Roger Stone, aliado de Donald Trump, fue condenado hoy a 40 meses de prisión por mentirle al congreso y por amenazar a un testigo sobre lo que podría decir de la campaña del mandatario en su camino a la presidencia.

Amy Berman Jackson, la jueza que llevó su caso, declaró que Stone es una amenaza par la democracia, mientras leía la sentencia de quien ha sido aliado de Trump desde hace 30 años, informó CNN.

Durante los últimos días el presidente de Estados Unidos ha atacado en múltiples ocasiones el proceso de este juicio a través de su cuenta de twitter, asegurando que a través del caso también se trata de condenarlo.

La jueza aclaró, durante la lectura de su sentencia, que Stone no fue perseguido por ser amigo de Trump, sino por encubrirlo, con conocimiento de causa, ya que dio un “reporte impreciso, incorrecto e incompetente” a los legisladores al hablar sobre Rusia, Wikileaks y su liga con la campaña de Trump durante el juicio político (Impeachment), publicó Político.

La investigación en torno a Stone indica que él esparció los rumores sobre los correos que llegaron al correo de Hillary Clinton, y que pusieron en tela de juicio la fiabilidad de su campaña, ya que él mantuvo estrecho contacto con Wikileaks cuando la inteligencia estadounidense concluyó que los hackers rusos interfirieron en el correo de la candidata.

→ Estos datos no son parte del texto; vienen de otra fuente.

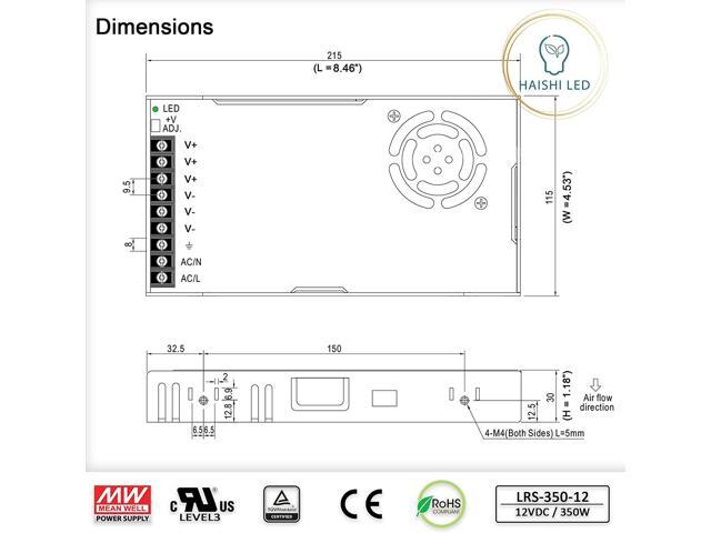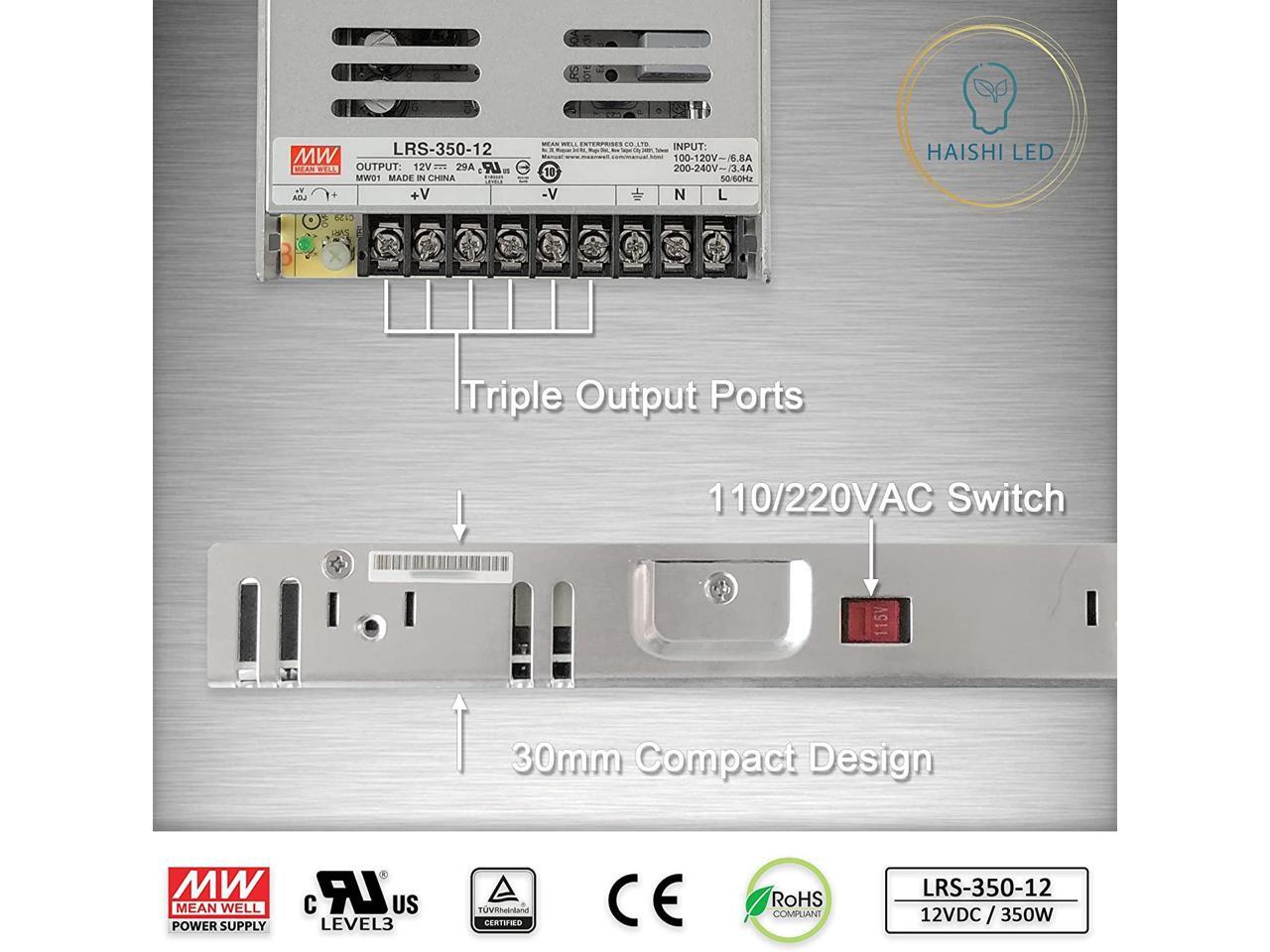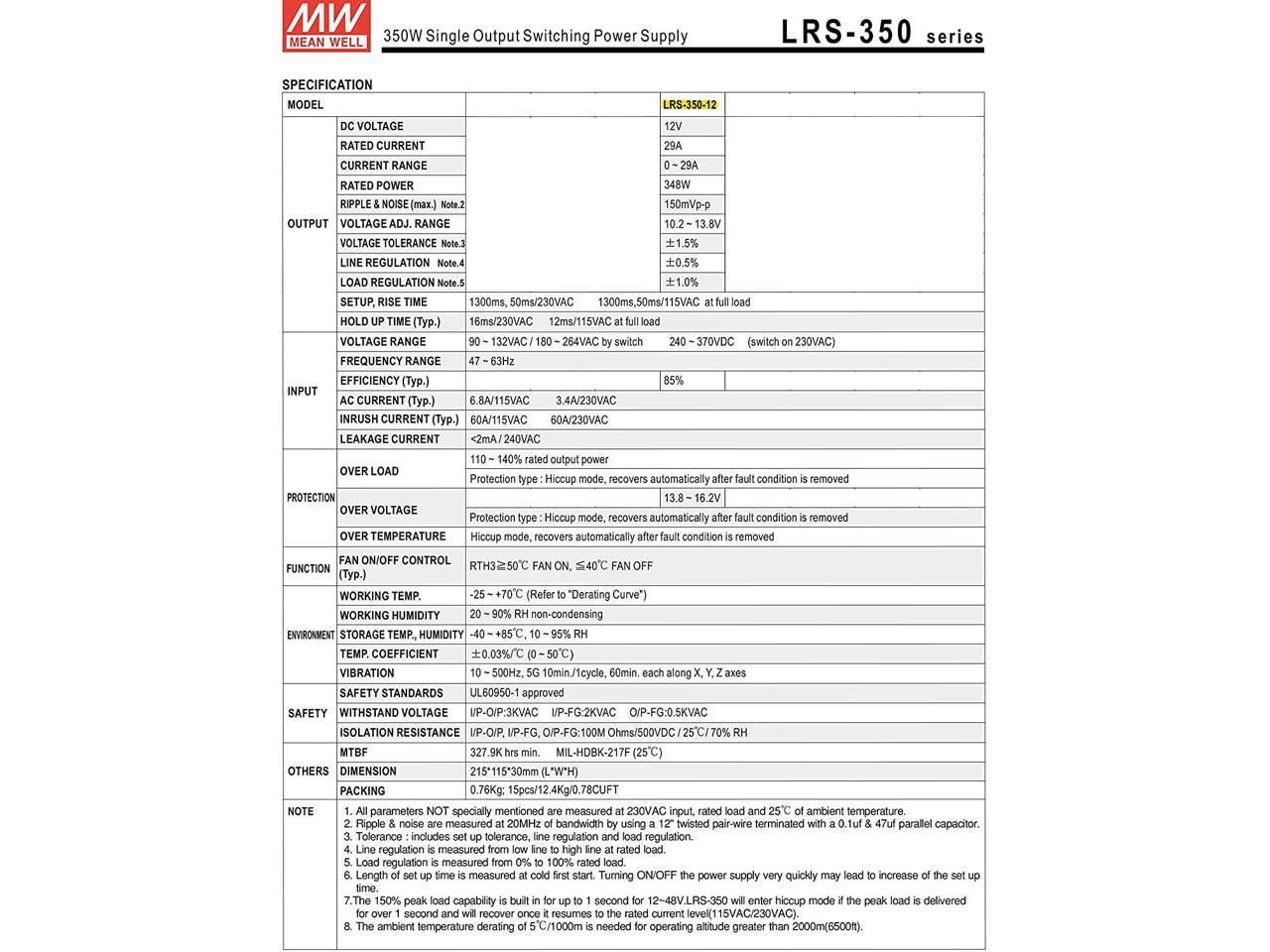 MeanWell Compact Design, 12VDC Switching Power Supply, Active Cooling, LRS-350-12, 110VAC / 220VAC Switchable (350 Watt)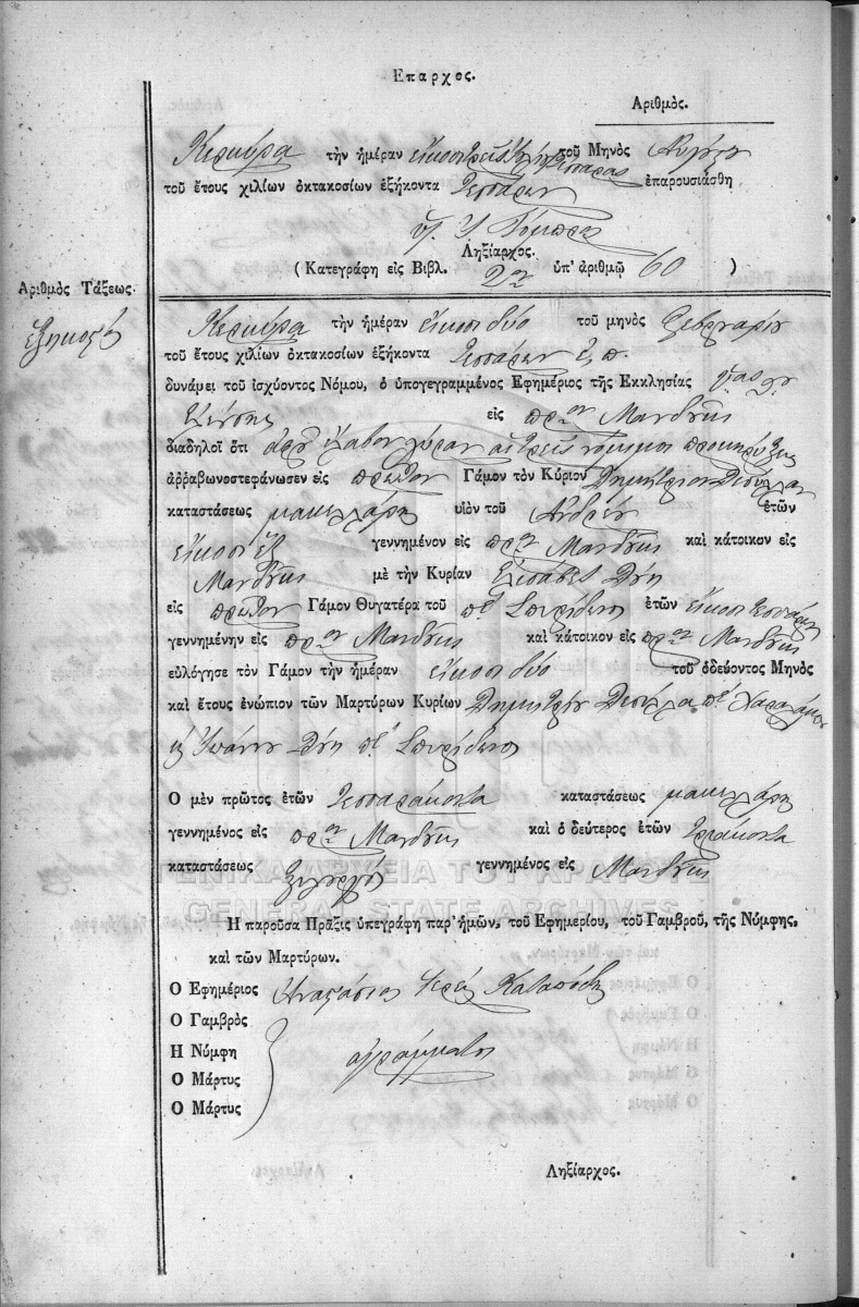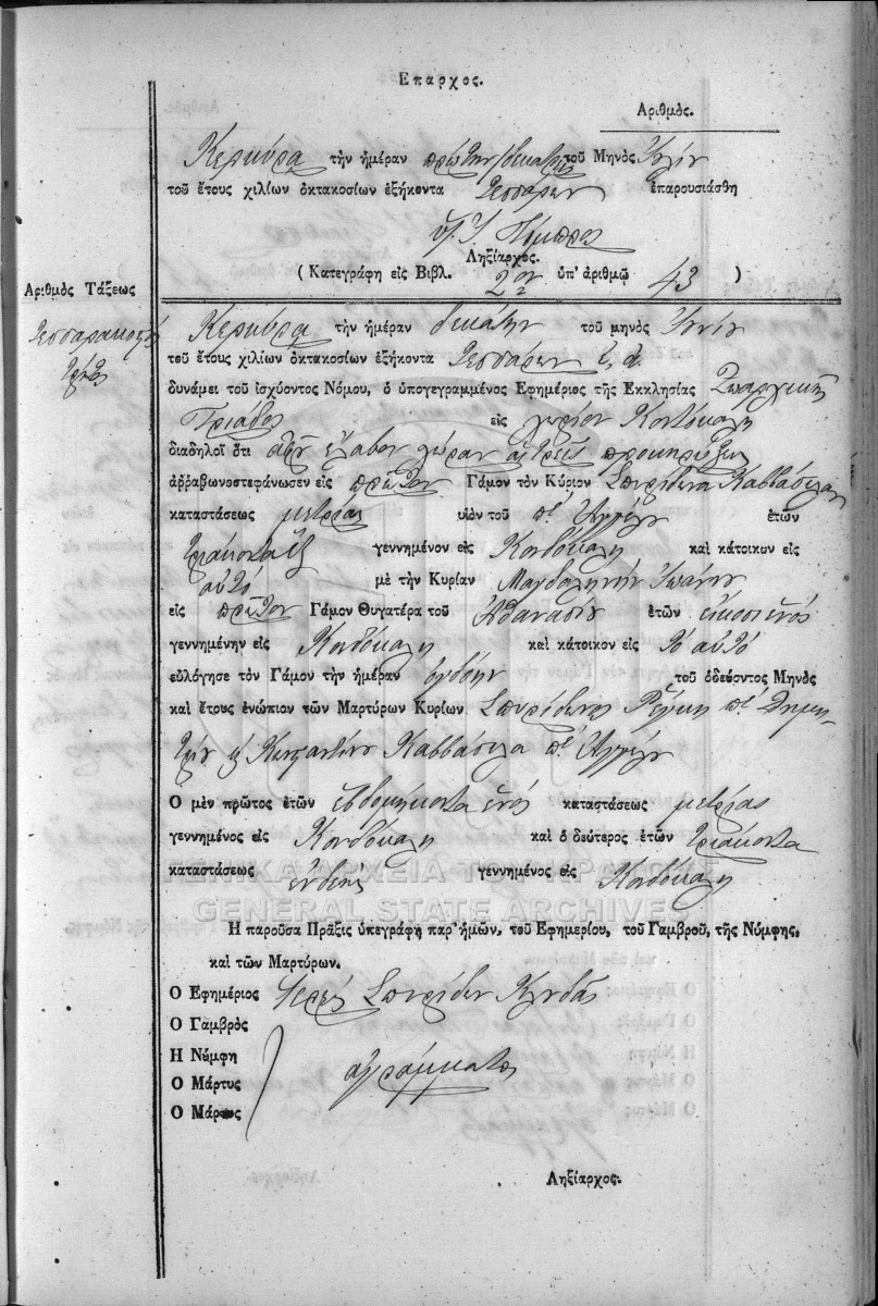 [Αρχείο] GRGSA-KER_REGM00 ΛΗΞΙΑΡΧΕΙΟ ΚΕΡΚΥΡΑΣ - Ληξιαρχικές Πράξεις Γάμων [1841 - 1932] Περιεχόμενα: Αριθμός πράξεων 1 - 324. |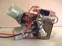 The two lower heater ducts are directed to the feet, while the top two go to the face level eyeball vents, unless these are closed in which case the flow is diverted to the windshield. |  |      |  | The temporary wiring in the photos is automotive and will be replaced for the final version.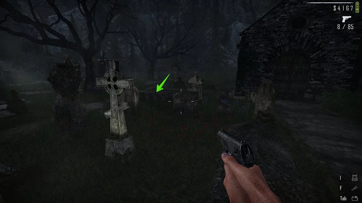 Войдите на территорию кладбища и пройдите вперёд до часовни. Слева есть несколько могил, а в одной из них будет большая трещина. Внутри виднеется папка с документами.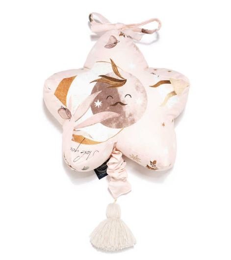 Pozytywka w kształcie gwiazdki, wzór Fly me to the Moon Nude. Troczki w górnej części, umożliwiają łatwe przywiązanie pozytywki do łóżeczka. Sznurek w dolej części pozytywki jest zakończony frędzelkiem.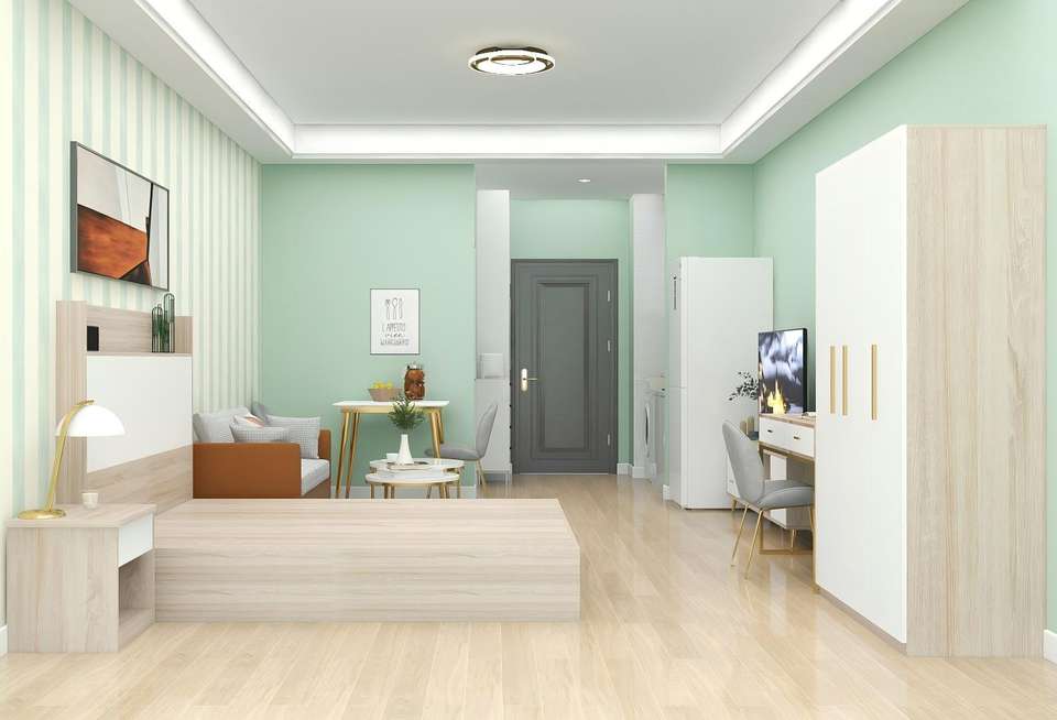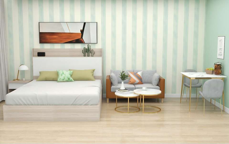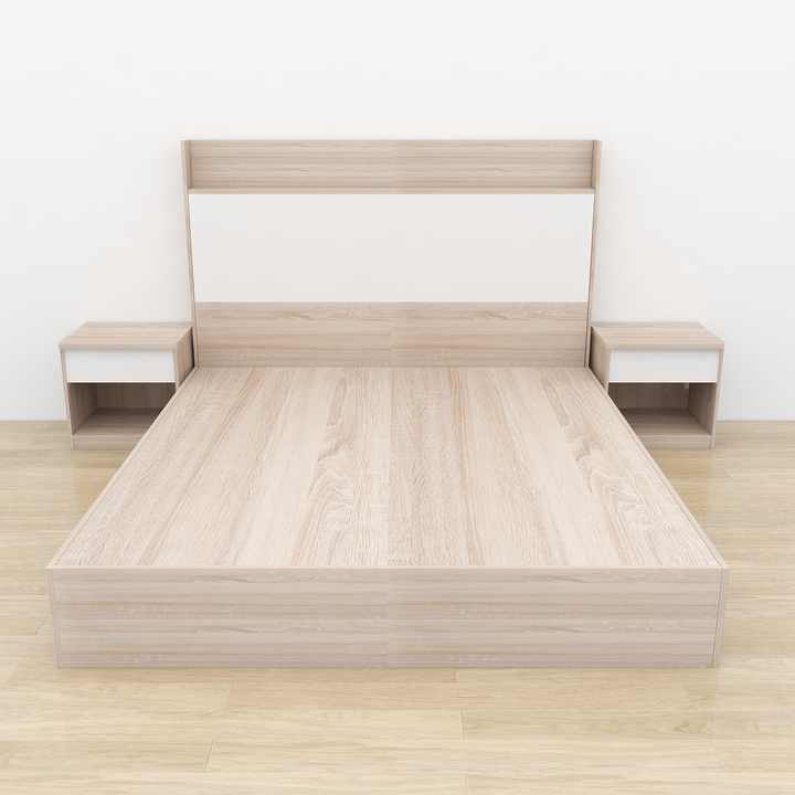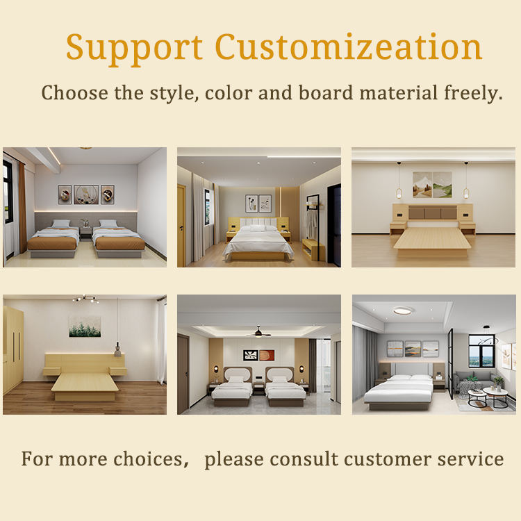 Set Letto in Legno Moderno ed Economico con Testiera, Ecologico e Resistente alle Macchie, per Camere d'Albergo e Appartamenti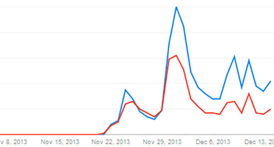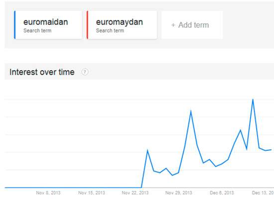 Для примера того, как работает этот подход, давайте рассмотрим общий график поискового спроса в Google по запросам «евромайдан» (синим цветом на графике ниже) и «євромайдан» (красным цветом).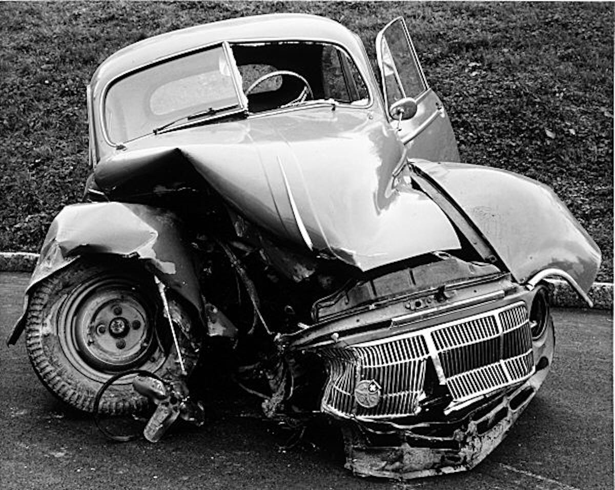 Der Polizeifotograf Arnold Odermatt hatte seinen Dienstauftrag, Unfälle zu fotografieren, mit grosser Genauigkeit und viel Sinn für das Bildhafte ausgeführt: Zwei Typen von Fotografien prägen seine „Karambolagen“: Landschaftsfotografien und fotografierte Skulpturen. Die schweizerische Landschaft mit ihren Wiesen, Bäumen und Seen, die immer ein wenig sonntäglich wirkt, wird in Odermatts Bildern unfreiwillig zu einer Bühne für Kuriosa. Eine meist sanfte, leicht schläfrige Landschaft wird an einer Stelle punktiert – peng, zwei Fahrzeuge ineinander verkeilt – oder überzogen von merkwürdigen Kratzern mit Endpunkt, einem Auto, aufgeprallt an einem Baum, einer Wand, die Abschrankung durchtrennt und halb im See gelandet. Eine Unfallstelle mitten in der Ordnung. Ein Unfall der Ordnung, gesäubert und bereits wieder „soweit geordnet“. Der zweite Typus zieht den Blickradius weit enger, fokussiert auf das Auto, ist skulptural: Nahaufnahmen von ineinander verkeilten Wagen, von aufgeschlitzten Kotflügeln, aufgerissenen Kühlerhauben, zerdepperten Scheiben. Eine Art von „unvoluntary sculptures“, von unfreiwilligen Skulpturen, entstehen durch die nüchtern, sachlich und präzis aufgenommenen Fotografien. Es ist Auftragsfotografie der fünfziger, sechziger, siebziger Jahre und als solche auch zu verstehen, doch der Wert, der Schaugenuss vor diesen Bildern gehen weit darüber hinaus.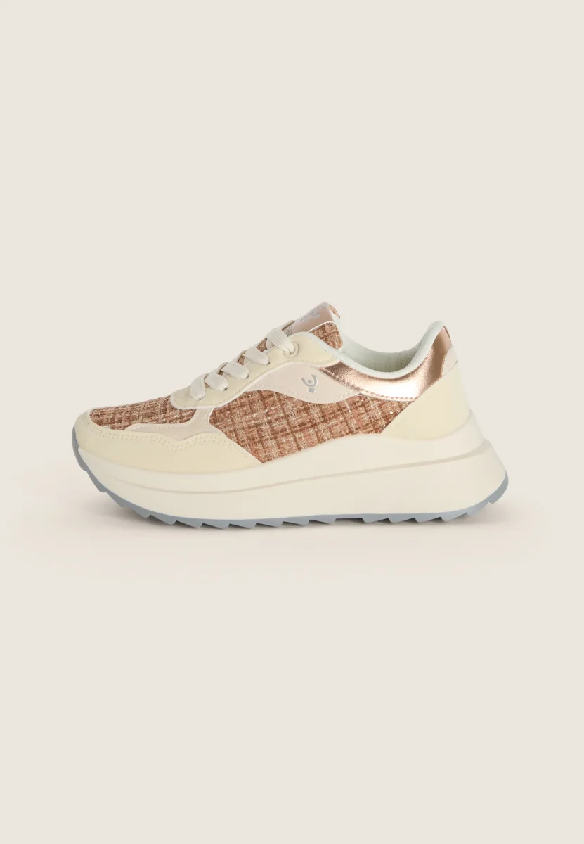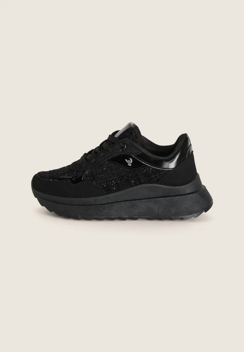 Queste sneakers in similpelle e tessuto, con dettagli in vernice, offrono un design raffinato e contemporaneo. I lacci in tessuto e gli occhielli in metallo aggiungono un tocco di eleganza, mentre la soletta removibile « Massage » garantisce un comfort superiore ad ogni passo. Il battistrada in gomma antiscivolo assicura una calzata sicura, e i piccoli loghi […]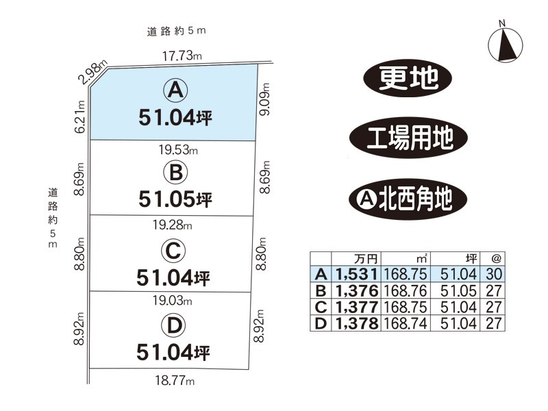 | 土地面積(m²/坪) | 168.75m²(51.04坪) | 地目,用途地域 | 宅地,準工業地域 |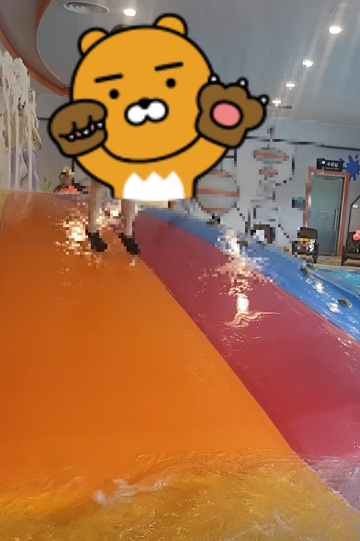 물속에서 뛰어놀 수 있는 놀이기구인데 아이들이 놀기 좋은 워터 슬라이드 같아요 ㅎㅎ
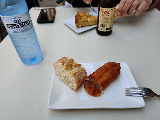 Read moreEl servicio es un poco caótico pero todo con buen humor, con cariño y sobre todo lo más importante con muchas ganas de agradar, que es una cosa que se debe valorar. El ambiente es el típico de un bar de pueblo con una mezcla curiosa entre peregrinos del camino de Santiago y la propia gente del pueblo. De la comida lo mejor lo hubo rotos que pueden ser con callos, con morro, o con oreja. Los comí con morros y estaban deliciosos algo que todo el mundo debería probar. También pedimos unos torreznos que se notaba que estaban recalentados y no eran del día no estaban todo lo crujientes que deben estar aunque tenían muy buena pinta. Los huevos rotos con jamón nada que decir...

Entre el conflicto que Trump inició al defender a su amigo, el Fiscal General de la nación, William Barr, realizó una recomendación al Departamento de Justicia, provocando que cuatro jueces renunciaran al caso. Después de estas acciones los demócratas condenaron las actitudes de ambos representantes.

Stone, trabajó en la primera campaña de reelección del expresidente Richard Nixon y se describe como un “agente provocador”, fue nombrado por primera vez en el juicio del Watergate por recibir dinero irregular, informó The New York Times.

No sólo era amigo del presidente de Estados Unidos, desde hace algunos años, él fue el primero en presentarle la idea de su candidatura en su juventud y en 2016 fue parte de sus asesores de campaña en su carrera por la presidencia.

Al ser culpado por sus declaraciones sobre su relación con Wikileaks aseguró ante los medios que intentaba hacer ruido sobre el caso, pero en realidad él nunca se había acercado a la organización ni a Julian Assange.

En el juicio que se celebró hoy el polémico asesor no habló y se mostró sobrio, lo que no tiene que ver con su personalidad que tiende a ser más abierta y controversial, desde sus dichos hasta la ropa que lleva.